Neocloud stocks suffered a severe sell-off on Thursday, with IREN plunging 9% to $34.83 on heavy volume of over 40 million shares. The drop adds to a 41% decline over the past month, leaving the stock 52% below its yearly high. CoreWeave tumbled to $72 from a peak of $186, wiping out more than half its market cap. Nebius Group also cratered from $298 to $170.
The rout was triggered by mounting concerns that Meta Platforms is preparing to enter the commercial cloud infrastructure space, threatening the already crowded AI data center market. Investors are also anxious about a multi-billion dollar funding gap for IREN's AI pivot and an $800 million restricted stock grant to co-CEOs, which sparked dilution fears.

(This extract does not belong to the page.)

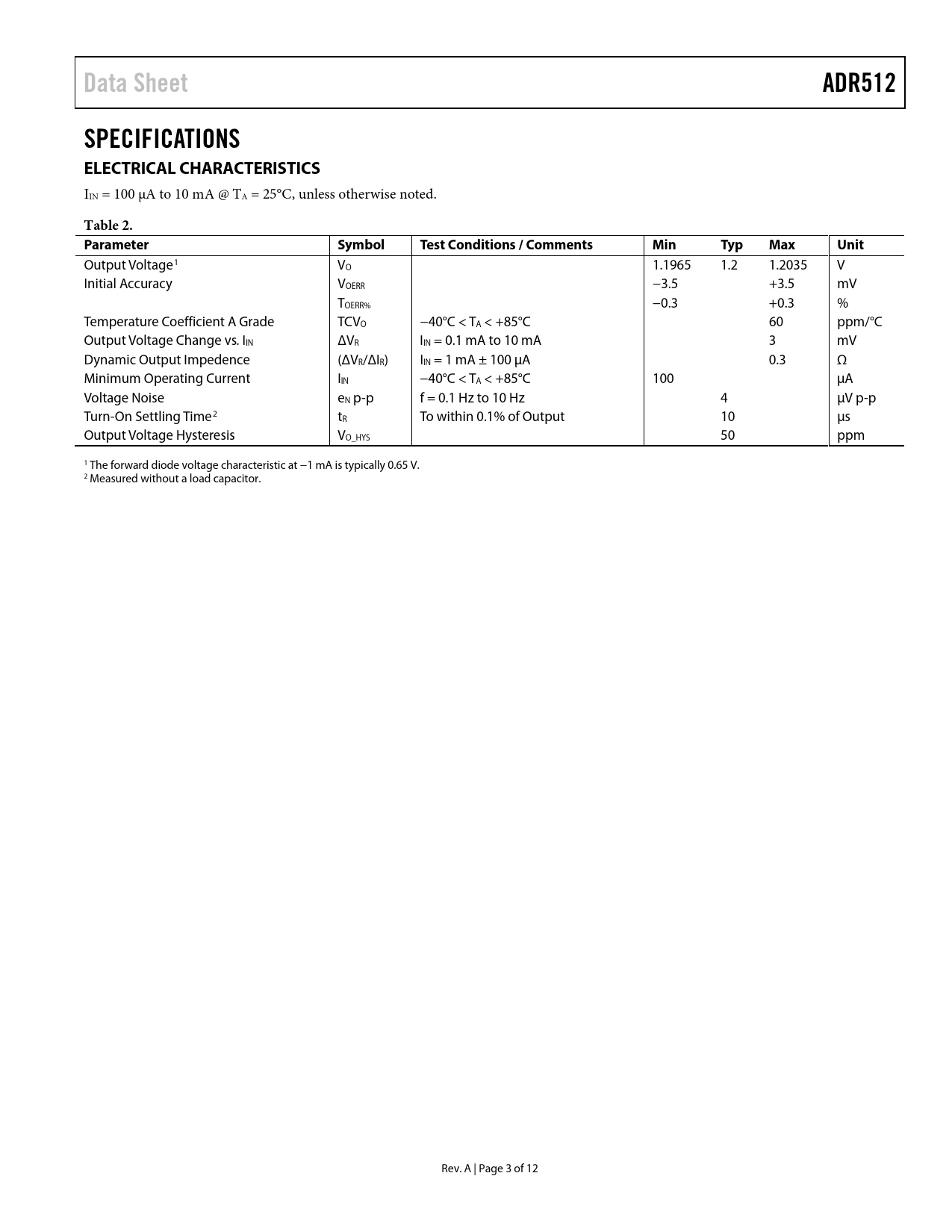 Páginas / Página12 / 3 — Data Sheet. ADR512. SPECIFICATIONS ELECTRICAL CHARACTERISTICS. Table 2. …
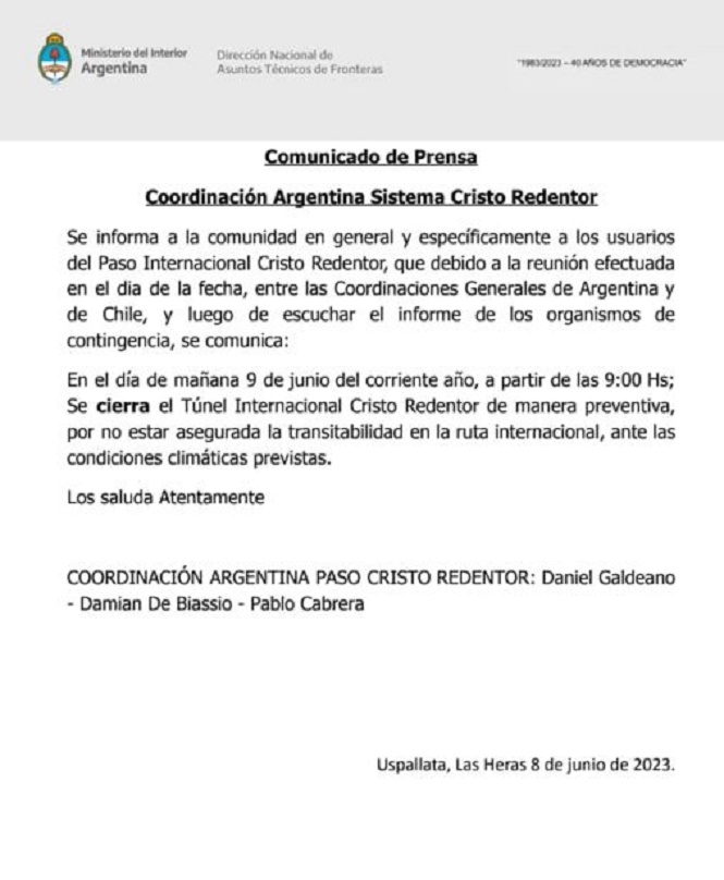 “Se informa a la comunidad en general y específicamente a los usuarios del Paso Internacional Cristo Redentor, que debido a la reunión efectuada en el dia de la fecha, entre las Coordinaciones Generales de Argentina y de Chile, y luego de escuchar el informe de los organismos de contingencia, se comunica: en el día de mañana 9 de junio del corriente año, a partir de las 9:00 Hs; se cierra el Túnel Internacional Cristo Redentor de manera preventiva, por no estar asegurada la transitabilidad en la ruta internacional, ante las condiciones climáticas previstas” informaron desde la Dirección Nacional de Asuntos Técnicos de Fronteras a las 21 de este jueves.

Wall Street analysts remain broadly bullish on IREN, with a Moderate Buy consensus and an average price target of $82.36 — more than double the current price. Freedom Capital upgraded the stock to Strong Buy, while Cantor Fitzgerald set a $99 target. However, JPMorgan rates it Underweight with a $46 target. Retail traders have been buying the dip, and institutional holder Invesco increased its stake by 45.9% in Q2.
Debt levels are also under scrutiny: CoreWeave holds $7.5 billion in short-term debt and $17.3 billion in long-term debt, Nebius's long-term debt surged to $8.4 billion, and IREN's liabilities surpassed $3.6 billion. Short interest remains elevated across the sector — 21.27% for IREN, 18% for CoreWeave, and 27% for Nebius — reflecting bets on further downside.